Human Genome Epidemiology (HuGE) Review

Genetic Polymorphisms in the Base Excision Repair Pathway and Cancer Risk: A HuGE Review

Rayjean J. Hung, Janet Hall, Paul Brennan and Paolo Boffetta

From the Genetic Epidemiology Group, International Agency for Research on Cancer, Lyon, France

Correspondence to Dr. Rayjean J. Hung, Genetic Epidemiology Group, International Agency for Research on Cancer, 150 cours Albert-Thomas, 69008 Lyon, France (e-mail: hung{at}iarc.fr).

Genetic variations in DNA repair genes are thought to modulate DNA repair capacity and are suggested to be related to cancer risk. However, epidemiologic findings have been inconsistent. The authors conducted meta-analyses of associations between genes in the base excision repair pathway and cancer risk, focusing on three key genes: 8-oxoguanine DNA glycosylase (OGG1), apurinic/apyrimidinic endonuclease (APE1/APEX1), and x-ray repair cross-complementing group 1 (XRCC1).

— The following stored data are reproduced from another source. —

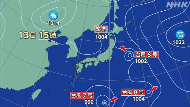 気象庁によりますと、ことし1月から先月までに発生した台風は4個でしたが、今月に入ると8日に台風5号、11日に6号、13日に7号、8号と立て続けに発生しています。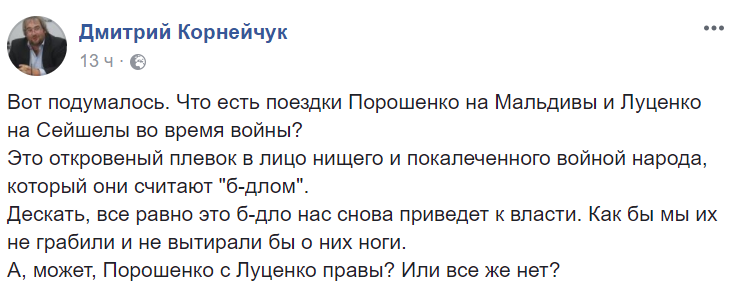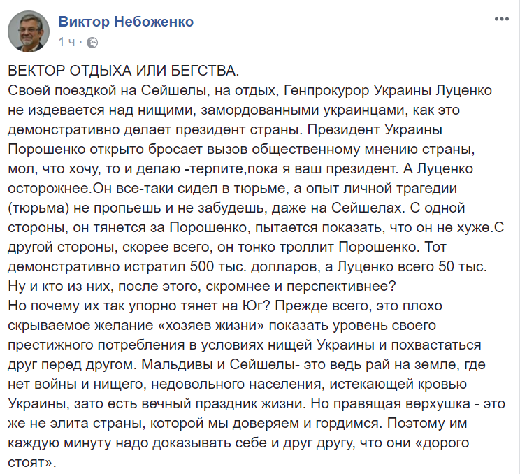 "Вот подумалось. Что есть поездки Порошенко на Мальдивы и Луценко на Сейшелы во время войны?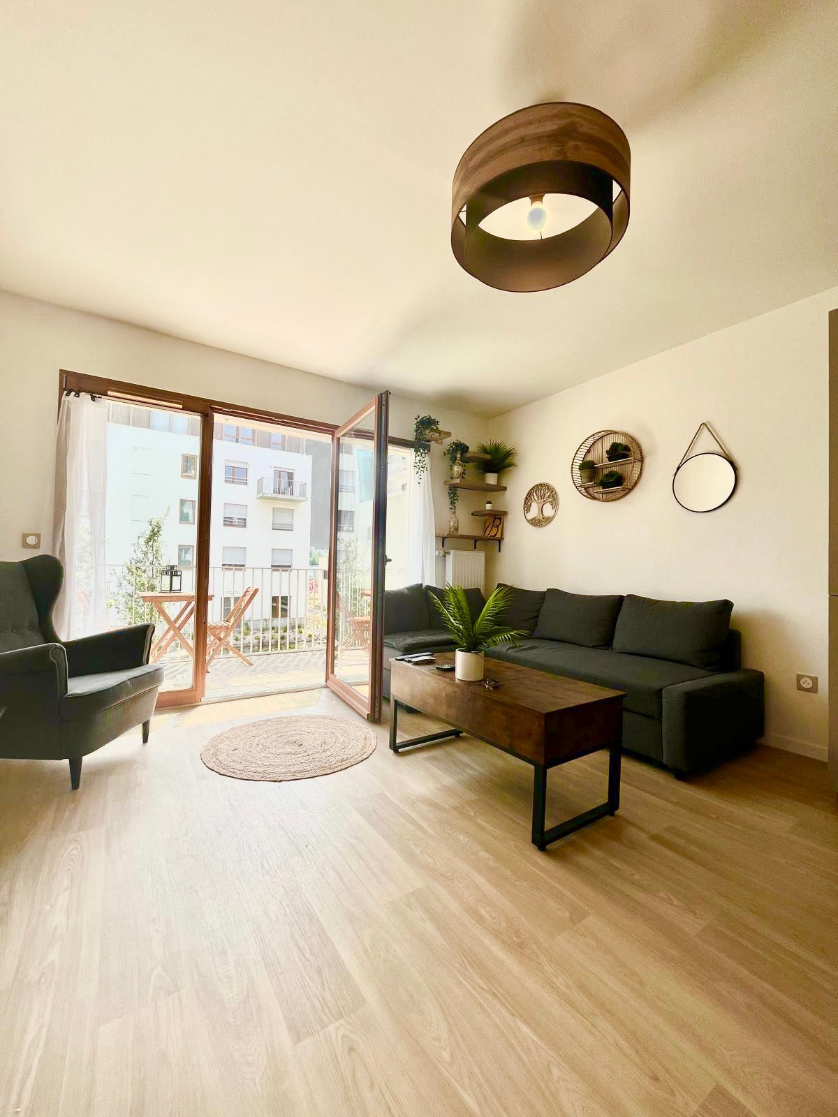 Bienvenue au Chic Boisé Disney ! À 10 min de Disneyland Paris A 10 min de village nature À 30 min de Paris Appartement Lumineux et moderne avec décoration boisée Cuisine high-tech et entièrement équipée Salon : Spacieux avec canapé-lit Smart TV table à manger Chambre : Grand lit double lit bébé inclus Dressing Salle de bain : Moderne avec douche italienne Machine à laver & miroir lumineux Proximité : Val d'Europe & Vallée Village (5 min) pour courses /shopping Parking privé et gratuit

They found increased lung cancer risk among subjects carrying the OGG1 Cys/Cys genotype (odds ratio (OR) = 1.24, 95% confidence interval (CI): 1.01, 1.53), using 3,253 cases and 3,371 controls from seven studies; this is consistent with experimental evidence that this isoform exhibits decreased activity. They found a protective effect of the XRCC1 194Trp allele for tobacco-related cancers (OR = 0.86, 95% CI: 0.77, 0.95), using 4,895 cases and 5,977 controls from 16 studies; this is compatible with evidence of lower mutagen sensitivity for this allele. The XRCC1 399Gln/399Gln genotype was associated with increased risk of tobacco-related cancers among light smokers (OR = 1.38, 95% CI: 0.99, 1.94) but decreased risk among heavy smokers (OR = 0.71, 95% CI: 0.51, 0.99), suggesting effect modification by tobacco smoking. There was no association between cancer risk and the APE1/APEX1 Asp148Glu and XRCC1 Arg280His polymorphisms. Recommendations for future studies include pooling of individual data to facilitate evaluation of multigenic effects and detailed analysis of effect modification by environmental exposure.

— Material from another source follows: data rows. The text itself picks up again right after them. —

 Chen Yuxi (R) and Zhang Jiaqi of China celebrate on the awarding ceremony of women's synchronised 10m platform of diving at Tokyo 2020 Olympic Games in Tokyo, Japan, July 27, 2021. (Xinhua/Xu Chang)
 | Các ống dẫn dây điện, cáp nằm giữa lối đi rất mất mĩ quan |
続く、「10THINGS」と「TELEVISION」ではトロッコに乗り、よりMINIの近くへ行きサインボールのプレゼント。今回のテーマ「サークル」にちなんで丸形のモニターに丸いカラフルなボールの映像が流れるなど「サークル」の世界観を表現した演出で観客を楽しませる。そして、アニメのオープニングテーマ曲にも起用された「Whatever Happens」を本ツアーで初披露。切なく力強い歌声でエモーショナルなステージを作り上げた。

apurinic/apyrimidinic endonuclease; DNA repair; meta-analysis; neoplasms; 8-oxoguanine DNA glycosylase, human; polymorphism, genetic; XRCC1 protein


Abbreviations: APE1/APEX1, apurinic/apyrimidinic endonuclease; CI, confidence interval; dbSNP, Database of Single Nucleotide Polymorphisms; OGG1, 8-oxoguanine DNA glycosylase; OR, odds ratio; XRCC1, x-ray repair cross-complementing group 1


Editor's note: This paper is also available on the website of the Human Genome Epidemiology Network (http://www.cdc.gov/genomics/hugenet/).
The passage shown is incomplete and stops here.